Bülent BakanKÖŞE YAZILARI

Çitlenmiş Çekirdek – Bülent Bakan yazdı…

Günlerden bir gün bir yakasına kar yağmış, öbürüne yağmamış sonra yağmura çevirmiş ve diğer yakasına cömert davranmamışken bilim ve sanat açısından iki yakası bir araya gelmemiş şehrin birinde ödül almış- doymamış bir şehirli o güne kadar tükettiği şehrin imgelerine baktı ve işte şimdi bu şehrin ışıkları ışık ve taşıtları taşıt oldu diye düşündü. Camera obscura’sını aldı ve bir imgeyi daha tüketti.

Bu arada güler yüzlü bir piksel emekçisi yıllar öncesinde bir yontucu ve bir benekçi ile yaptığı sohbeti hatırladı ve yattığı yerde huzursuz bir şekilde ters tarafa döndü.

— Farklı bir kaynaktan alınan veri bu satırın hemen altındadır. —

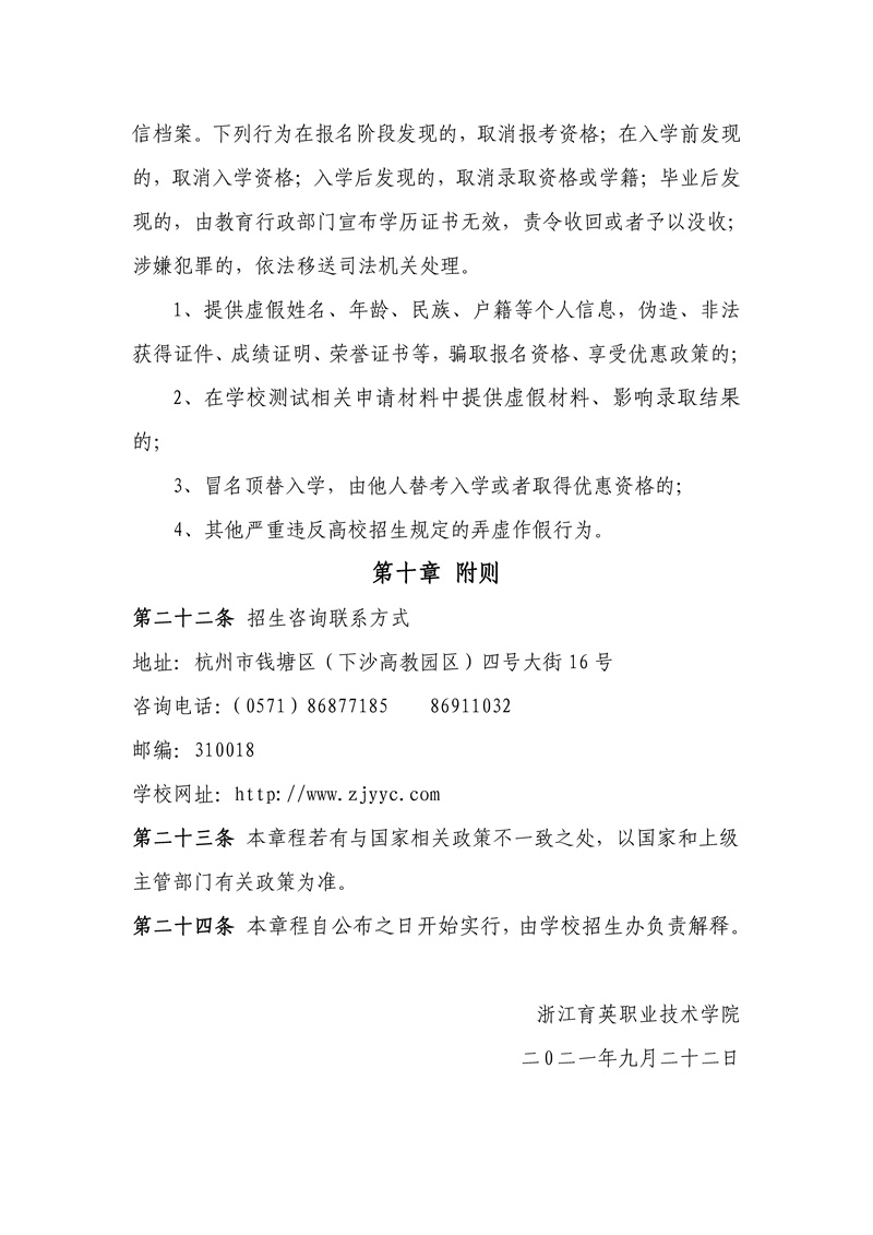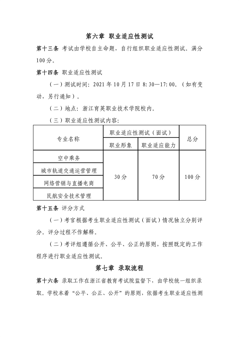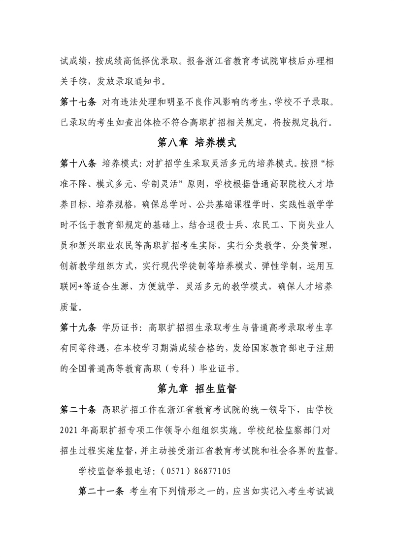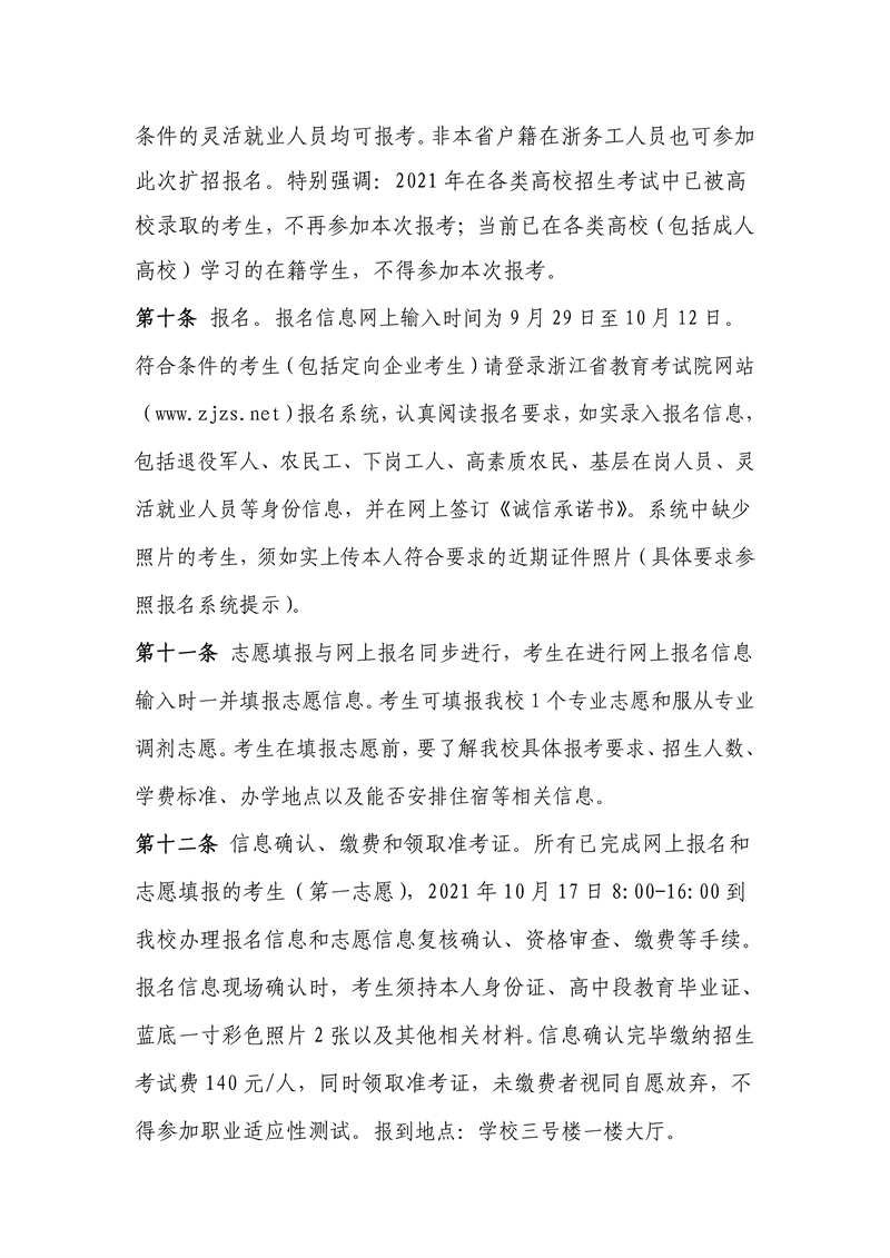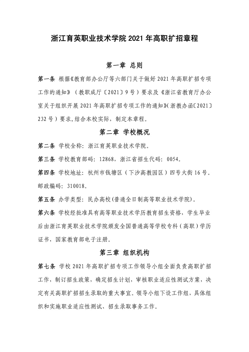 浙江育英职业技术学院2021年高职扩招章程
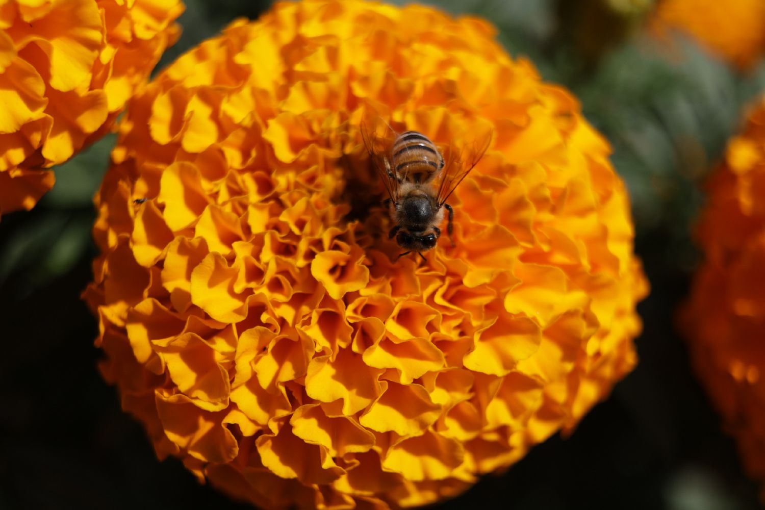 10月21日,在墨西哥首都墨西哥城,一只蜜蜂停留在万寿菊上。(图片来源:本文图片均据新华社)
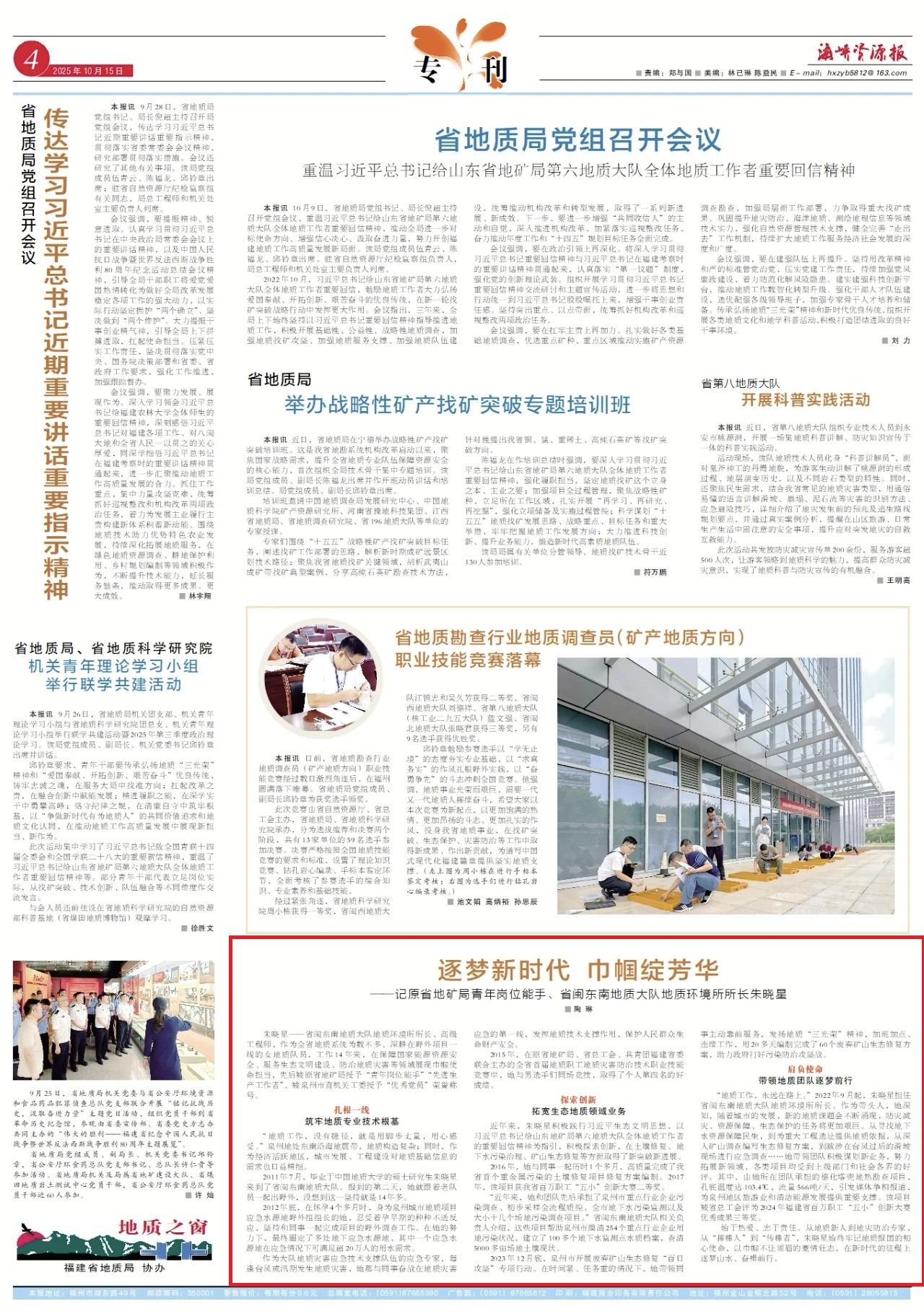 10月15日出版的《海峡资源报》报道我队地质环境所所长,高级工程师朱晓星工作14年来,在保障国家能源资源安全、服务生态文明建设、防治地质灾害等领域的先进事迹。

Yontucu da benekçi ve ben de bu yerel pazarın adamı kaldık diye düşündü. Yontucu’nun ‘Azizim, bu işin bir savaş meydanı vardır. Çıkarsın, çarpışırsın. Bu meydan da yerel yerler değildir. Ya Paris’tir, hatta o da değildir. New York’tur. New York. Amerika’ sözünü hatırladı. Zamanda yolculuğuna devam etti. ‘Allame-i cihan olsan fark etmez. Bir Picasso, Max Ernst olamazsın. Onlar da olmamıştır zaten ama zaman içinde kutup gibi tek tek kalmışlardır. Galericiler, komisyoncular, eleştirmenler ve borsa, sanat borsasıdır önemli olan. Ama o borsa değere göre çalışır, o değeri de kim biçer, nasıl ölçülür, bilinmez. Sonuçta sanat yapıtları işte bu bezirganların elinde paraya dönüşür. Sanatsa sanat ama, terazisi bunların elindedir. Bu da borsa gibi bir oyun olsa gerek.’ diye bilmişti. Yontucu ‘Bu işin meydanı artık Paris bile değil, New York, New York, Amerika’ diye ısrar ediyordu. O sırada kuzey ışıkları, Aurora yontucunun kafası üzerinde belirivermişti.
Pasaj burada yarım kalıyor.